For a free particle, how can all these paths be physically possible? If the particle is to conserve momentum, it must travel in a straight line. It is not interacting with anything else, so the path cannot be a curve in flat spacetime. Why does the integral include physically impossible paths?
First of all, in the path integral we integrate over all off-shell virtual paths. The virtual paths came from how we derived the path integral from the operator formalism by inserting infinitely many completeness relations, see any decent textbook on the matter.
In the semiclassical limit $\hbar\to 0 $, the path integral is dominated by contributions from on-shell classical paths, i.e. solutions to Euler-Lagrange (EL) equations, cf. e.g. this Phys.SE post.

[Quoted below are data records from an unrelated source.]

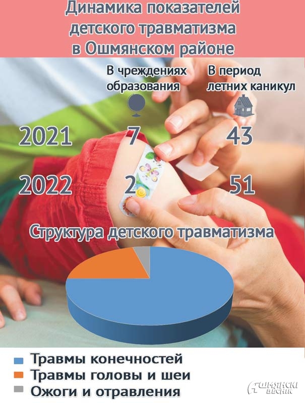 Главный врач Ошмянской ЦРБ Инга Буткевич также добавила, что в последние годы увеличилось количество и появились новые виды травм, полученных при прыжках на батутах, катании на тюбингах и иных средствах индивидуальной мобильности. В связи с этим, выступая на собраниях и родительских конференциях, медработники доводят взрослым информацию в том числе и по вопросам профилактики детского травматизма.
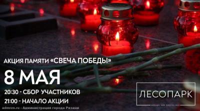 Сайт мэрии Рязани о том, что 8 мая в 21.00 в преддверии празднования 77-й годовщины Победы в Великой Отечественной Войне на территории Лесопарка пройдёт акция памяти «Свеча Победы». Мероприятие состоится на территории парка впервые. В рамках акции планируется зажечь свечи участников в память о героях, которые отдали свою жизнь за Родину. Кульминацией события станет выложенное слово «ПОБЕДА» из лампад.
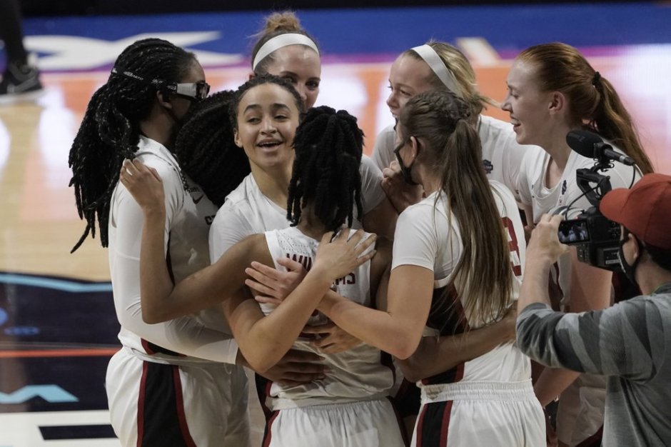 Stanford Cardinal women celebrate winning the Final Four against the South Carolina Gamecocks in San Antonio to advance to the Women’s Championship on Sunday Apr 4, 2021 (AP News photo)
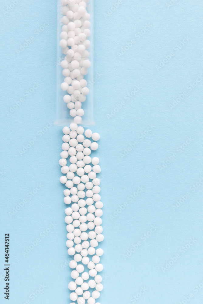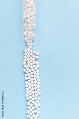 Homeopathy medicine alternative herbs. Homeopathic globules and glass bottle on a blue background. Health care and medicine concept.
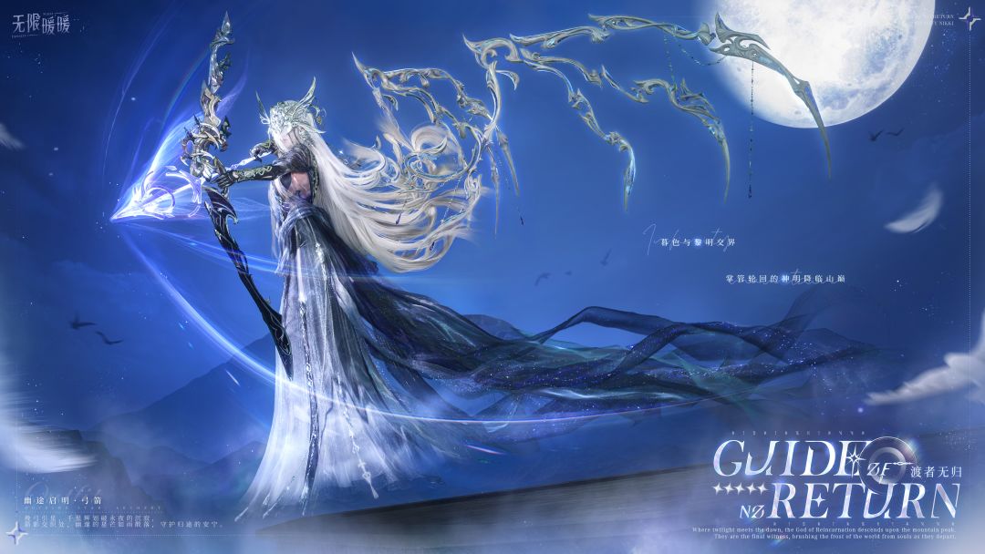 暮色与黎明交界,掌管轮回的神明降临山巅。祂是最后的送行者,为远去的魂灵拂尽一身尘霜,也是末途的引路使,将褪色的星辰渡往新生之河。

In QM with an external potential, the paths don't necessarily conserve momentum, due to external forces. However, in the free case [which OP seems to be asking about] the classical [but not necessarily the virtual] paths conserve momentum.
By the way, in QFT in the Fourier momentum representation of spacetime [which OP doesn't seem to be asking about] the momentum conservation of off-shell virtual paths is typically a consequence translation invariance of spacetime.
Off-sell paths still conserve momentum. It violates only $E^2 - p ^2 = m^2$. Besides, in the non-relativistic formulation, this is not relevant.
The size of the contribution is not the problem here unless paths not conserving momentum have zero contribution.
The question is about the simplest case - the free particle.
The non-relativistic free particle lagrangian is translational invariant.